═════ Data block ═════
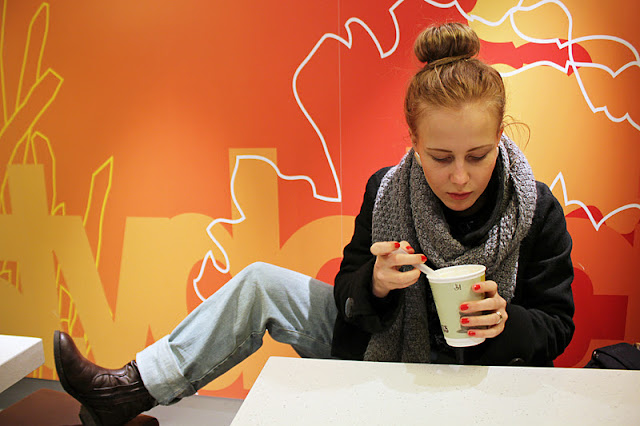 | Tällä kertaa nautiskelin jätskiäni ruskeissa kengissäni, jotka nyt lumen tullen otin käyttööni! Nämä olivat oikea löytö, kun kiertelin Dinskon lastenosastoa joskus syksymmällä. |
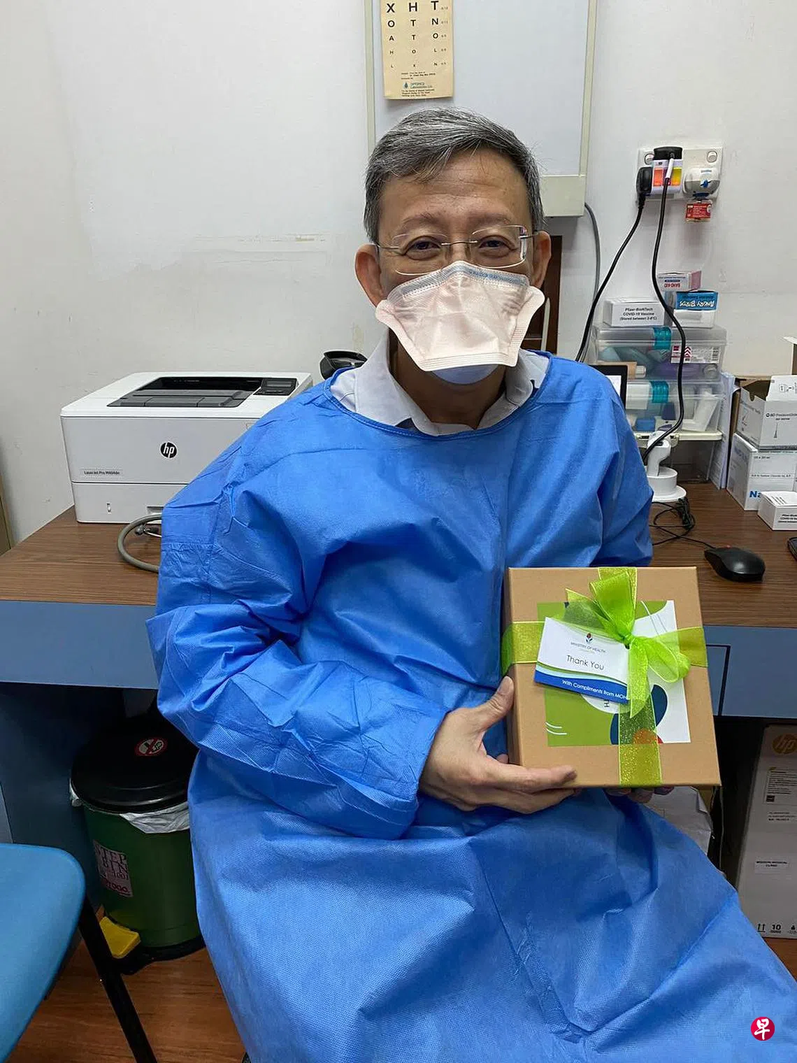 卫生部为公共卫生防范诊所送上食品礼盒,感谢诊所医疗人员为抗疫工作付出的努力。
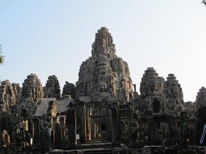 【巴戎廟Bayon】﹝又譯巴揚寺或百茵廟﹞其中最特殊的設計,是每一座塔的四面都刻有三公尺高的闍耶跋摩七世的微笑面容,204個微笑浮現在蔥綠的森林中,多變的光線或正或側,時強時弱地探照,樹草中的蟲鳥此起彼落的交織輪唱,好似一個設計新穎的聲光舞台秀,成為旅客最深的印象,被世人稱為「高棉的微笑」。
═════
Exercise instructions
Reproduce the material above in full, images excluded.

Task output
 | Tällä kertaa nautiskelin jätskiäni ruskeissa kengissäni, jotka nyt lumen tullen otin käyttööni! Nämä olivat oikea löytö, kun kiertelin Dinskon lastenosastoa joskus syksymmällä. |
 卫生部为公共卫生防范诊所送上食品礼盒,感谢诊所医疗人员为抗疫工作付出的努力。
 【巴戎廟Bayon】﹝又譯巴揚寺或百茵廟﹞其中最特殊的設計,是每一座塔的四面都刻有三公尺高的闍耶跋摩七世的微笑面容,204個微笑浮現在蔥綠的森林中,多變的光線或正或側,時強時弱地探照,樹草中的蟲鳥此起彼落的交織輪唱,好似一個設計新穎的聲光舞台秀,成為旅客最深的印象,被世人稱為「高棉的微笑」。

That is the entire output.